Ist es nicht männliche Herrschaftsdefinition, wenn man Frauen, die in flagranti ertappt wurden ("caught in the act") in ihrem Verhalten mit Termini bedacht, die bei gleichem Verhalten der Männer meistens nicht diese Anwendung finden, oftmals werden deren Fremdgehereien noch mit eher positiv klingenden Attributen begleitet (freilich: kaum von der dadurch unmittelbar betroffenen Partnerin!) und wenige stören sich dann daran (außer Vertreter und Vertreterinnen jener Institutionen und Gruppierungen, die moralische Be- und Verurteilung gleichsam qua professione glauben betreiben und in eigenmächtig festgezurrten Bewertungsmaßstäben durchsetzen zu müssen ...) Drehen wir den Spieß doch einfach einmal um: Wenn schon solchen Frauen dann Zorn unterstellt wird, weshalb kann und sollte es nicht der Zorn gegen die etablierten und einseitig aufgezwungenen Maßstäbe sein?! Wenn hier schon mit "Mut" argumentativ operiert wird: warum dann nicht der positiv gerichtete Mut, sich gegen all diese aus Unterdrückung resultierenden Verdammungen zur Wehr zu setzen. Daß hier die männliche Welt von "Frechheit" spricht, wenn Frauen auf ihr "Entdecktwerden" vielleicht heftig reagieren, ist erklärbar: es gefällt ihnen eben nicht, wenn sie für sich das reklamieren, was Männern sich immer wieder herausnehmen, für sich beanspruchen, und diese dann mit Drohungen, Angriffen und Vorhaltungen reagieren. Ist es wirklich verwunderlich, daß Frauen dann sich gegen derartige Avancen wehren, wie heftig und laut auch immer (wahrscheinlich dann wohl zumeist dem Gegenüber angemessen!), und dann bezeichnet die männliche Welt das dann eben schlicht und einfach als "frech". Für mich stellt sich da schon die Frage, was da denn wirklich "frech" ist ...

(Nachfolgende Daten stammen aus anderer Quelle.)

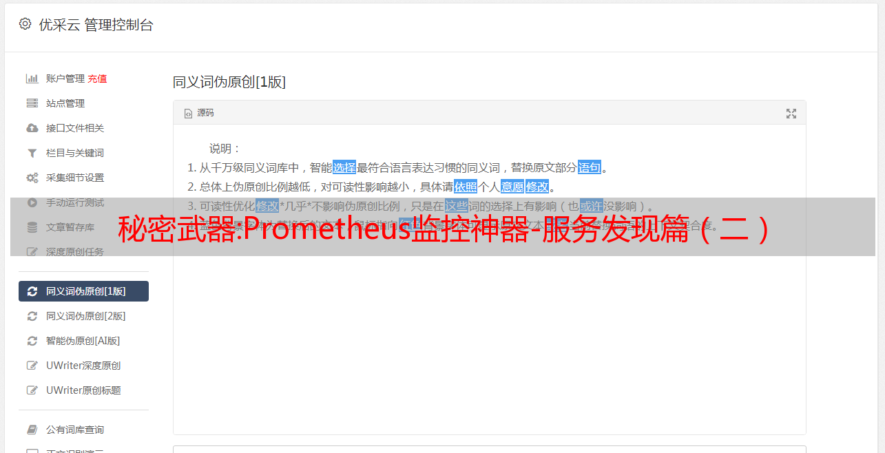 优采云 发布时间: 2022-09-29 01:12秘密武器:Prometheus监控神器-服务发现篇(二)

Kurz: In flagranti erwischt zu werden, dürfte den wenigsten -- beider Geschlechter -- gefallen und angenehm sein, aber es gibt wirklich hier überhaupt keinen Grund, je nach Geschlecht zu einer unterschiedlichen moralischen Bewertung zu kommen. Juvenals angesprochene Gleichbewertung, also diese Art Übereinkunft eines gleichen Rechts für beide Teile scheint mir zielführender als diese beckmesserisch handelnde, verlogene Pseudomoral, die sich auch heute immer noch innerhalb der Gesellschaft einer breiten Praxis "erfreut". Wenn hier in der von mir aufgezeigten Übersetzung in diesem Zusammenhang von "insolence" die Rede ist, dann schlage ich eine andere Übersetzung vor, eine nicht derartig diskriminierende und auch dem Original besser entsprechende ...

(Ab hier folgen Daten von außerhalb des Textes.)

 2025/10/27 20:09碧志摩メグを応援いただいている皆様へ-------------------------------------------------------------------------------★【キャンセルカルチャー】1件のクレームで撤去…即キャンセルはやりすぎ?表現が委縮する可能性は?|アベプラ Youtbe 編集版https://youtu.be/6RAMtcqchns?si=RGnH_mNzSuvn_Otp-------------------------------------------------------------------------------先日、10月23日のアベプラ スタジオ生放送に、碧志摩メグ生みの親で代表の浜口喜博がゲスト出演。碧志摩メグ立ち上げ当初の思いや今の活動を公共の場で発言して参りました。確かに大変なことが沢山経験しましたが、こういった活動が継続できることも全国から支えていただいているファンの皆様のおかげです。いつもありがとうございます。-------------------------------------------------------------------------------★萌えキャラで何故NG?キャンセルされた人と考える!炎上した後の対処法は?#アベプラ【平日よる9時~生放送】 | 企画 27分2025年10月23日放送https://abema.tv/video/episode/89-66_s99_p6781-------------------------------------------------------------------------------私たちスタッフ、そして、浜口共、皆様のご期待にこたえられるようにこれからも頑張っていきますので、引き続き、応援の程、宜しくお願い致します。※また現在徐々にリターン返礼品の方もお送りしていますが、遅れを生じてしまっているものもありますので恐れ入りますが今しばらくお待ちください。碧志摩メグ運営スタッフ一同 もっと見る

Eine englische Übersetzung des besagten Abschnitts lautet wie folgt: "105 - 107 / The bed that holds a wife is never free from wrangling and mutual bickerings; no sleep is to be got there! It is there that she sets upon her husband, more savage than a tigress that has lost her cubs; conscious of her own secret slips, she affects a grievance, abusing his slaves, or weeping over some imagined mistress. She has an abundant supply of tears always ready in their place, awaiting her command in which fashion they should flow. You, poor dolt, are delighted, believing them to be tears of love, and kiss them away; but what notes, what love-letters would you find if you opened the desk of your green-eyed adulterous wife! If you find her in the arms of a slave or of a knight, "Speak, speak, Quintilian, give me one of your colours," she will say. But Quintilian has none to give: "find it yourself," says he. "We agreed long ago," says the lady, "that you were to go your way, and I mine. You may confound sea and sky with your bellowing, I am a human being after all." There's no effrontery like that of a woman caught in the act; her very guilt inspires her with wrath and insolence."

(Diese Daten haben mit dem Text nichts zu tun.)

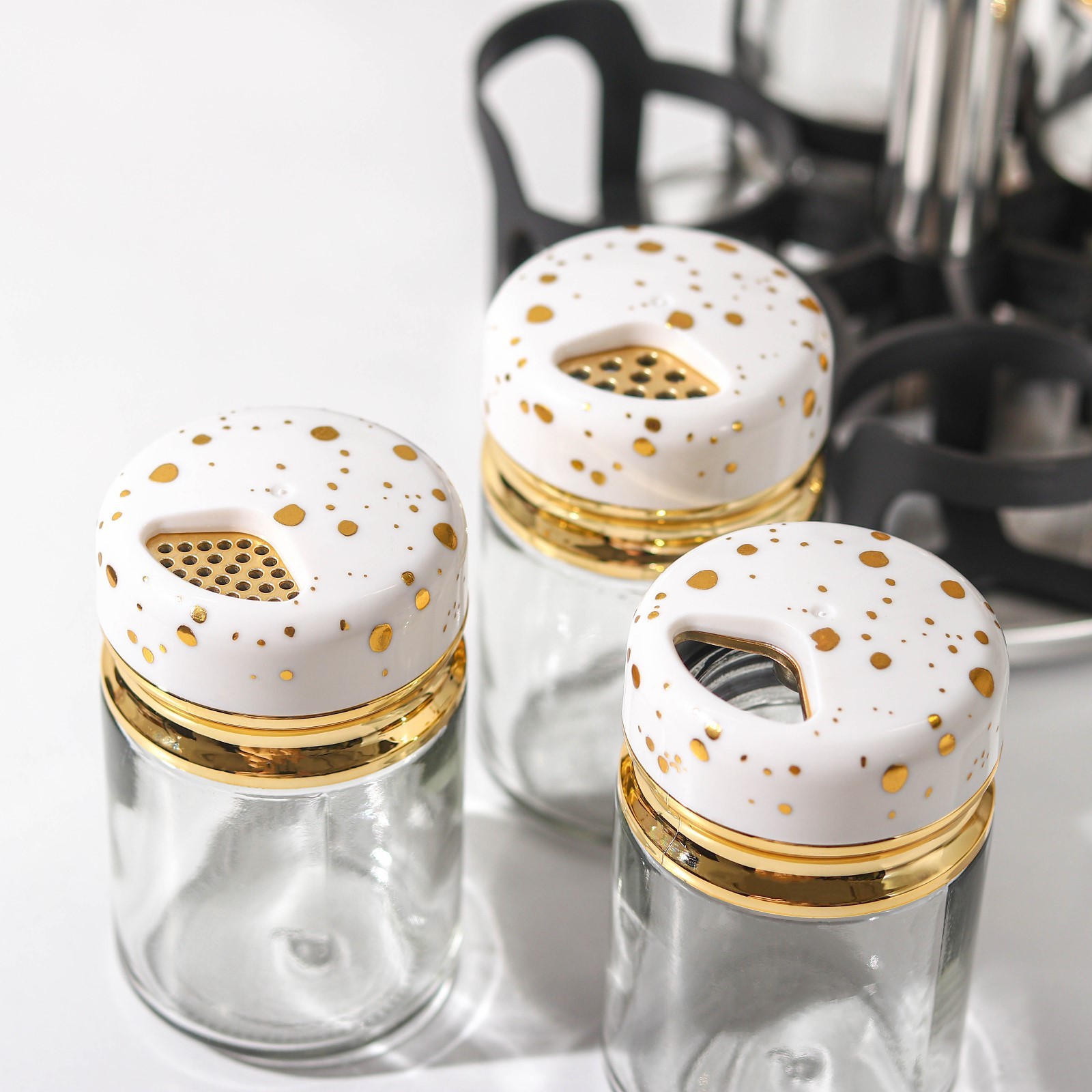 Набор для специй из стекла на подставке Magistro «белый мрамор», 6 шт, цвет белый

Hier in der Box der komplette relevante Abschnitt einer englischen Übertragung:
Satire 6 / VI The Ways Of Women 105 - 107
268The bed that holds a wife is never free from wrangling and mutual bickerings; no sleep is to be got there! It is there that she sets upon her husband, more savage than a tigress that has lost her cubs; conscious of her own secret slips, she affects a grievance, abusing his slaves, or weeping over some imagined mistress. She has an abundant supply of tears always ready in their place, awaiting her command in which fashion they should flow. You, poor dolt, are delighted, believing them to be tears of love, and kiss them away; but what notes, what love-letters would you find if you opened the desk of your green-eyed adulterous wife! If you find her in the arms of a slave or of a knight, "Speak, speak, Quintilian, give me one of your colours," she will say. But Quintilian has none to give: "find it yourself," says he. "We agreed long ago," says the lady, "that you were to go your way, and I mine. You may confound sea and sky with your bellowing, I am a human being after all." There's no effrontery like that of a woman caught in the act; her very guilt inspires her with wrath and insolence.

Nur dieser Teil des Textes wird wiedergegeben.